::: DATASET RECORDS :::

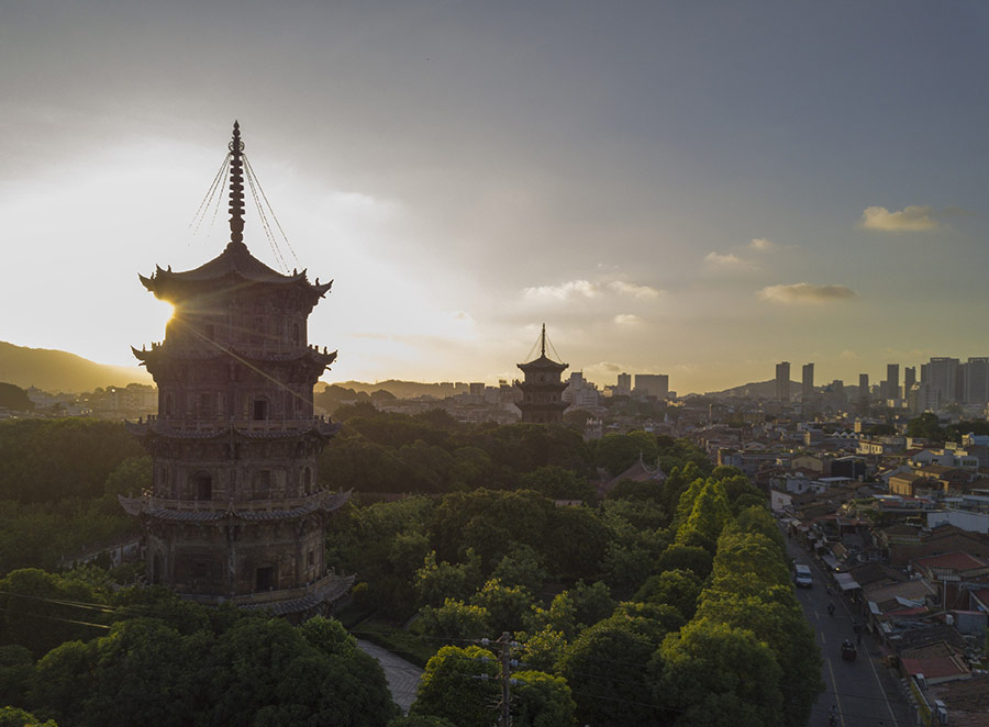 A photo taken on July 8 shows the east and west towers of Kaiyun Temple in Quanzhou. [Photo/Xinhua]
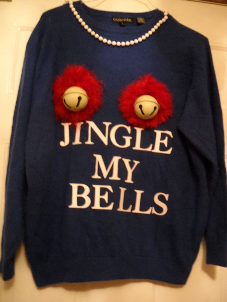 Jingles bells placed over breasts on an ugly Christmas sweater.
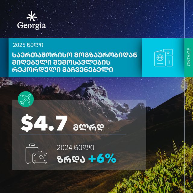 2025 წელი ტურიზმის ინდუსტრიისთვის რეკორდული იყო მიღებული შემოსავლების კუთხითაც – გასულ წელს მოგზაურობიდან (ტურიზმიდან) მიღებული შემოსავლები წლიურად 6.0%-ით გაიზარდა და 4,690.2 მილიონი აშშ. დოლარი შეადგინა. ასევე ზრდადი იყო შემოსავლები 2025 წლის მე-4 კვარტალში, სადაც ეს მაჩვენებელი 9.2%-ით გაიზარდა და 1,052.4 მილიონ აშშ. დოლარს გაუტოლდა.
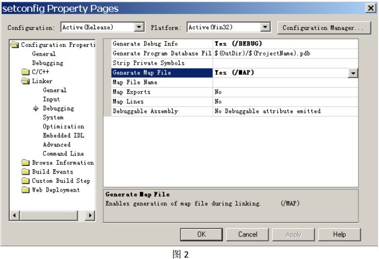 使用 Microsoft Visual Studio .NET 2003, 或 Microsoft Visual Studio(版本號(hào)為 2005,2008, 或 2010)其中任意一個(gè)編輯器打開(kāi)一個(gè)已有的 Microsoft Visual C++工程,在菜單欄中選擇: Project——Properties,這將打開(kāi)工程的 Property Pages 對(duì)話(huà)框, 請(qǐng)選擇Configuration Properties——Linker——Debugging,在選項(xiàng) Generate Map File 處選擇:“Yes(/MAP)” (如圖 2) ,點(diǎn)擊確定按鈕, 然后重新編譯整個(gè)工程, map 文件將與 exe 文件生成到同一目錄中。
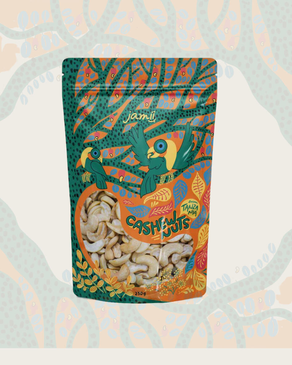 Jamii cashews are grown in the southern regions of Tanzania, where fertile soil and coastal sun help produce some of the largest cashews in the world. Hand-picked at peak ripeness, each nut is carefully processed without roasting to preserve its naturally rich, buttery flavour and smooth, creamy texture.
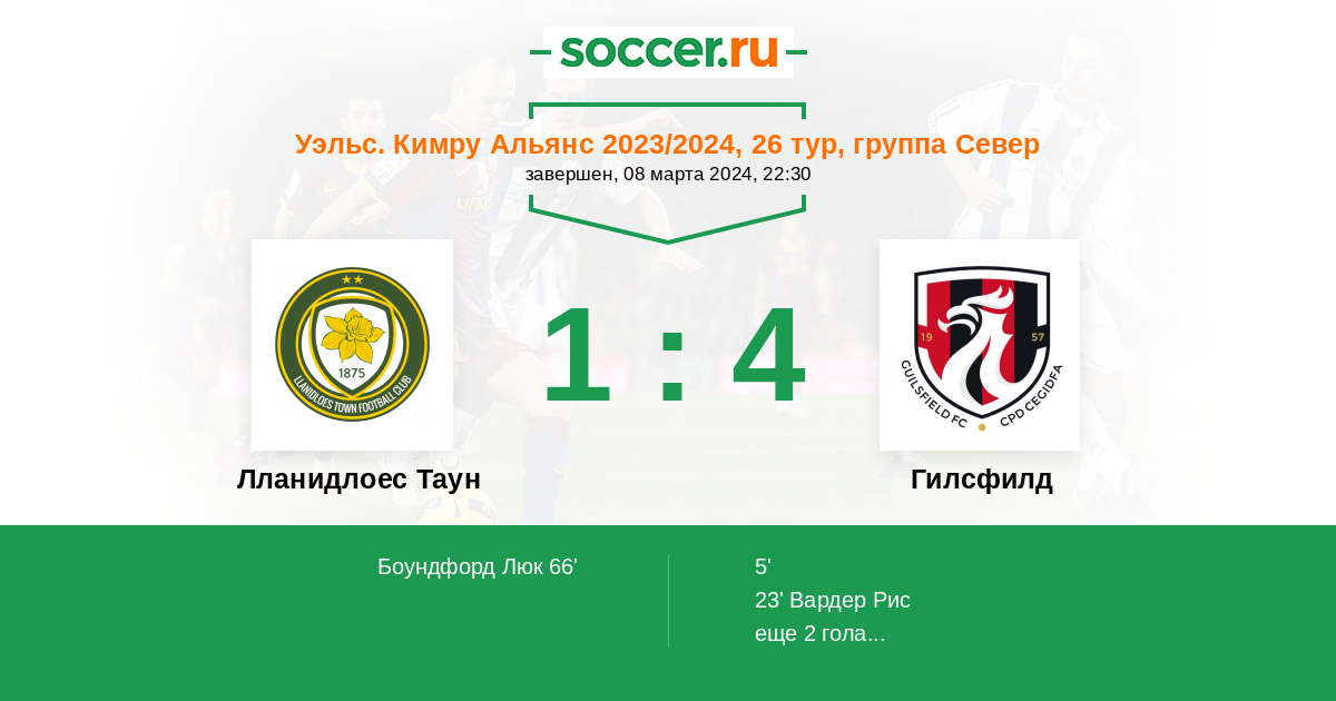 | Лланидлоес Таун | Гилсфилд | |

:::
::: DATASET RECORDS :::

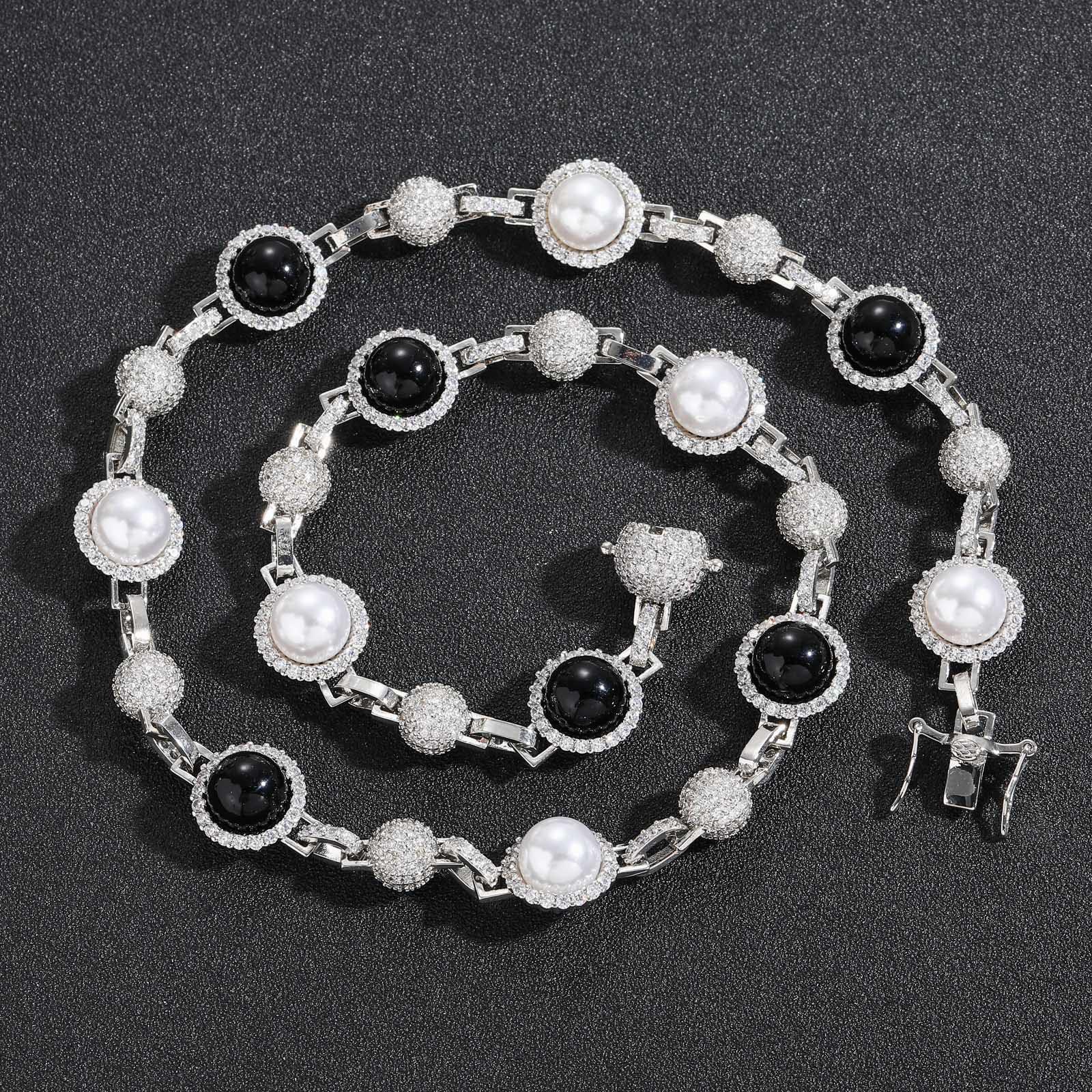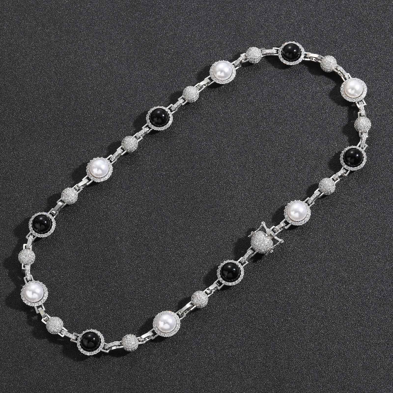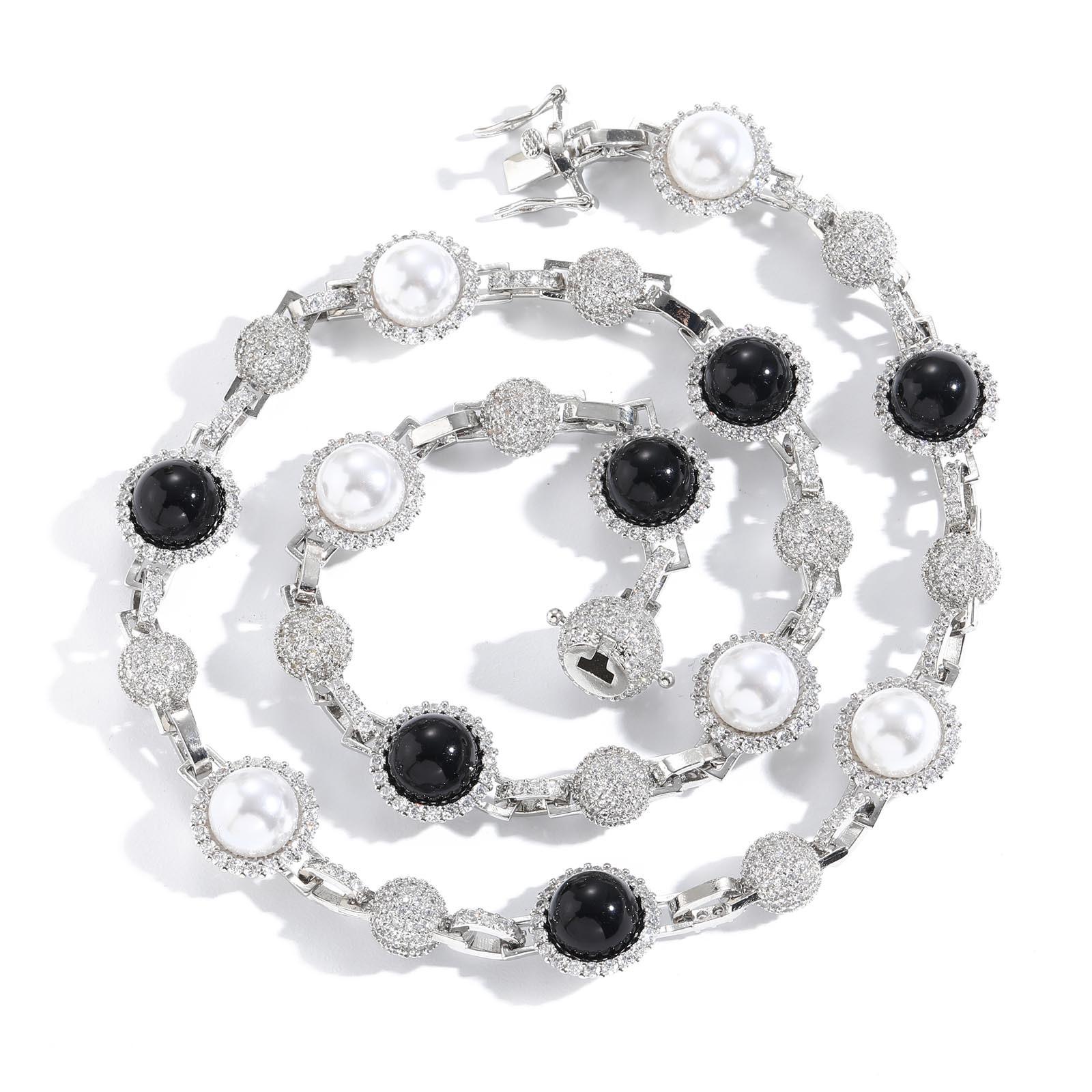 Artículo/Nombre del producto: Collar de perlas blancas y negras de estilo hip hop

:::
::: DATASET RECORDS :::

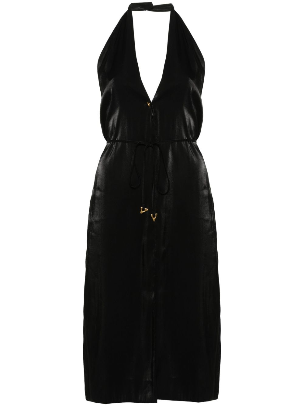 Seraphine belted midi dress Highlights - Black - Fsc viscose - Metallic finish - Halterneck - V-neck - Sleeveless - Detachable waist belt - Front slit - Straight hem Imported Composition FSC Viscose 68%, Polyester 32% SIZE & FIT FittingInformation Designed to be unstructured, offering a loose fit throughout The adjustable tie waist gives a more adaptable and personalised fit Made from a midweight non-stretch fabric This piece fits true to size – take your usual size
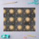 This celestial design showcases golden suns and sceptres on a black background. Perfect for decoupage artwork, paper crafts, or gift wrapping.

:::

Using the records above, return verbatim only the part that opens with the line containing "A photo taken" and closes with the line containing "使用 Microsoft Visual"; pictures stay out.

*ANSWER SECTION:*
 A photo taken on July 8 shows the east and west towers of Kaiyun Temple in Quanzhou. [Photo/Xinhua]
 Jingles bells placed over breasts on an ugly Christmas sweater.
 2025 წელი ტურიზმის ინდუსტრიისთვის რეკორდული იყო მიღებული შემოსავლების კუთხითაც – გასულ წელს მოგზაურობიდან (ტურიზმიდან) მიღებული შემოსავლები წლიურად 6.0%-ით გაიზარდა და 4,690.2 მილიონი აშშ. დოლარი შეადგინა. ასევე ზრდადი იყო შემოსავლები 2025 წლის მე-4 კვარტალში, სადაც ეს მაჩვენებელი 9.2%-ით გაიზარდა და 1,052.4 მილიონ აშშ. დოლარს გაუტოლდა.
 使用 Microsoft Visual Studio .NET 2003, 或 Microsoft Visual Studio(版本號(hào)為 2005,2008, 或 2010)其中任意一個(gè)編輯器打開(kāi)一個(gè)已有的 Microsoft Visual C++工程,在菜單欄中選擇: Project——Properties,這將打開(kāi)工程的 Property Pages 對(duì)話(huà)框, 請(qǐng)選擇Configuration Properties——Linker——Debugging,在選項(xiàng) Generate Map File 處選擇:“Yes(/MAP)” (如圖 2) ,點(diǎn)擊確定按鈕, 然后重新編譯整個(gè)工程, map 文件將與 exe 文件生成到同一目錄中。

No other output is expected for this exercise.